'''

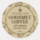 The label features a sophisticated and modern design with elements such as coffee beans, steaming cups, or coffee plants. The use of rich, warm colours like browns, golds, and greens evokes the freshness and richness of high-quality coffee.
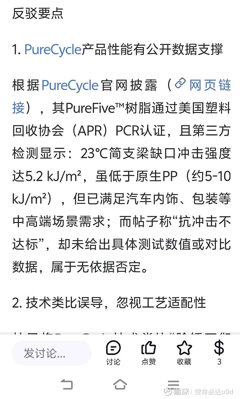这个马克你都自相矛盾了还继续黑啊你看你都说purecycle 品质低于原生pp5-10kj 每平方米,人家惠城的产物品质是几乎等于原生pp 。这种品质差距pure还拿什么跟惠城竞争啊你知道低几个数值那意味着什么啊就是几千元每吨差价啊
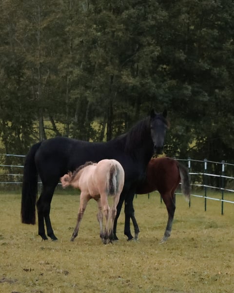 Emma is a wonderful, truly typical Morgan mare. She has recently had two excellent foals by RBD Thor Dun N Gold. She always readily accepts her foals, experiences no issues during foaling, and is an excellent mother who also allows other foals to nurse. We broke her gently last year; she is very intelligent and eager to learn, and she looks after her rider as well as her foals. She loves people and animals, especially children, so it would be ideal if she could join a family with kids. She was conceived in America, her sire is JMF True North. Although she is not very tall, she comfortably carries larger riders and passes on her size to her foals. Emma is well-behaved under saddle, but after her foaling break, she is ready to get back into work and still has the fire for it. Even as a somewhat cautious rider, I always felt safe riding her. Currently, she is coming out of her foaling break and needs to rebuild her muscle tone. A personal meeting is a prerequisite for Emma to move to her new home. If you are interested in Emma, please tell us a bit about yourself :-) Her registered name in the USA is Expats Truly Amazing.

'''

■ Exercise: Reproduce the material exactly; omit the pictures.

■ Answer space:
 The label features a sophisticated and modern design with elements such as coffee beans, steaming cups, or coffee plants. The use of rich, warm colours like browns, golds, and greens evokes the freshness and richness of high-quality coffee.
这个马克你都自相矛盾了还继续黑啊你看你都说purecycle 品质低于原生pp5-10kj 每平方米,人家惠城的产物品质是几乎等于原生pp 。这种品质差距pure还拿什么跟惠城竞争啊你知道低几个数值那意味着什么啊就是几千元每吨差价啊
 Emma is a wonderful, truly typical Morgan mare. She has recently had two excellent foals by RBD Thor Dun N Gold. She always readily accepts her foals, experiences no issues during foaling, and is an excellent mother who also allows other foals to nurse. We broke her gently last year; she is very intelligent and eager to learn, and she looks after her rider as well as her foals. She loves people and animals, especially children, so it would be ideal if she could join a family with kids. She was conceived in America, her sire is JMF True North. Although she is not very tall, she comfortably carries larger riders and passes on her size to her foals. Emma is well-behaved under saddle, but after her foaling break, she is ready to get back into work and still has the fire for it. Even as a somewhat cautious rider, I always felt safe riding her. Currently, she is coming out of her foaling break and needs to rebuild her muscle tone. A personal meeting is a prerequisite for Emma to move to her new home. If you are interested in Emma, please tell us a bit about yourself :-) Her registered name in the USA is Expats Truly Amazing.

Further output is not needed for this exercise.